Forest tent caterpillar have only one generation per year. That’s great as once these caterpillars are gone, (this will be very soon) there will be no more forest tent caterpillars this season. Caterpillars hatch from an egg band laid the previous year and hatch about the same time the aspen buds are expanding in late April and early May. These caterpillars or larva will feed on tree leaves and other leaves until they are about 2.5 inches long. This usually takes until around mid June. The next stage in the development of this pest is a rest phase called pupation. This is where the larva spins a cocoon. They do this wherever they can.

Inside that cocoon, there is no rest for the wicked as the amazing transformation of a leaf eating larva to not a beautiful butterfly (like Heimlich in a Bug’s Life), but a boring, kind of nondescript, brown moth takes place.

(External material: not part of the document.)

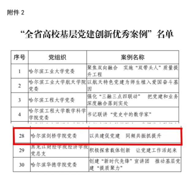 哈尔滨剑桥学院党建案例入选“全省高校基层党建创新优秀案例”。学校党委打造1332党建模式,激发党组织活力。借助与黑大结对共建平台,学校所有二级学院党总支实现了与黑大相应党组织100%“联建共建”,联合开展“主题党日”活动、“发展对象”党课培训,联合举办“贯彻发展党员工作规程”等培训,工作成效被学习强国等主流媒体报道。

After about 10 days, the ugly moth will come out of that cocoon with only one thing on its mind. Mating. There will be lots and lots of ugly brown moths if there were lots and lots of caterpillars. The mated females lay eggs in bands around twigs and cover them with a protective coat called spumaline to help ensure the survival of the youngsters. These will hatch out next spring. So that’s it. The cycle of life carries on.

FAQ or not so FAQs

Will my trees releaf? Answer: Yes, almost always.

Does the feeding and defoliation hurt my trees? Answer: Yes, if the defoliation happens year after year. The tree will use energy to replace the leaves, but having to use stored energy to produce another set of leaves, reduces health and vigour and there can be some twig dieback and reduced growth as a result.

How long is the cycle of infestation? Answer: That depends on a lot of environmental conditions. An infestation can last a few years to many, many years.

How many eggs can a moth lay? Answer: Only about 150 to 200 eggs are laid. Arggghhh!

When is the proper time to try doing some control? Answer: Only at the caterpillar larval stage and not at the moth stage.

Is there a product to use for control that is not harmful to pollinating insects like bees? Answer: Yes. Google - Bt var. k.